3. Approval on a non-binding, advisory basis of the compensation of our named executive officers as disclosed in the proxy statement (“say on pay”).

   
o For   o Against   o Abstain

4. Approval of Adoption of 2014 Incentive Award Plan.

   
o For   o Against   o Abstain

IN THEIR DISCRETION, THE PROXIES ARE AUTHORIZED TO VOTE UPON ANY OTHER MATTER THAT MAY PROPERLY COME BEFORE THE ANNUAL MEETING OR ANY ADJOURNMENT OR POSTPONEMENT THEREOF.

THIS PROXY WHEN PROPERLY EXECUTED WILL BE VOTED AS DIRECTED OR, IF NO DIRECTION IS GIVEN, WILL BE VOTED “FOR” THE NOMINEE IN PROPOSAL 1 AND “FOR” PROPOSALS 2, 3 AND 4.

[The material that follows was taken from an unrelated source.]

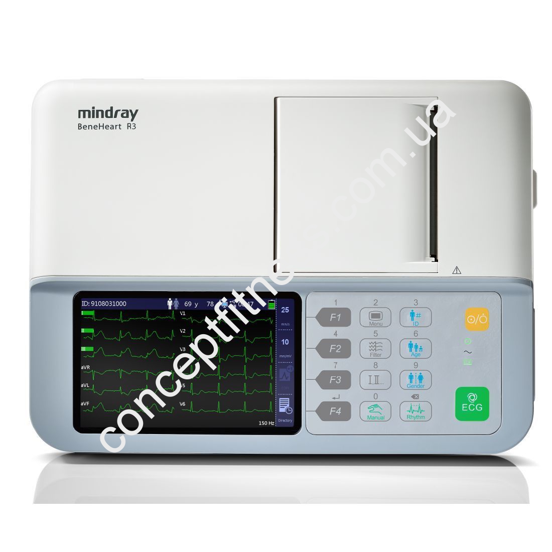 Електрокардіограф Mindray BeneHeart R3 має три каналами, з можливістю синхронно записувати до 12-ти каналів в авторежимі. Модель виділяється вбудованим термопринтером, виводить достовірний аналіз, користується великим попитом серед багатьох пацієнтів і власників клінік. Довжина приладу 26 см, для перенесення передбачена сумочка, а завдяки кабелю існує можливість підключення до ПК.

Address Change? Mark Box   o   Indicate changes below:

If you plan to attend the Annual Meeting of Stockholders, please mark the following box. o

Date:            , 2014

 

Signature(s) in Box

Please sign exactly as your name(s) appears on the proxy. If the shares of common stock represented by the proxy are held in joint tenancy, all persons should sign. Trustees, administrators, etc., should include title and authority. Corporations should provide full name of corporation and title of authorized officer signing the proxy.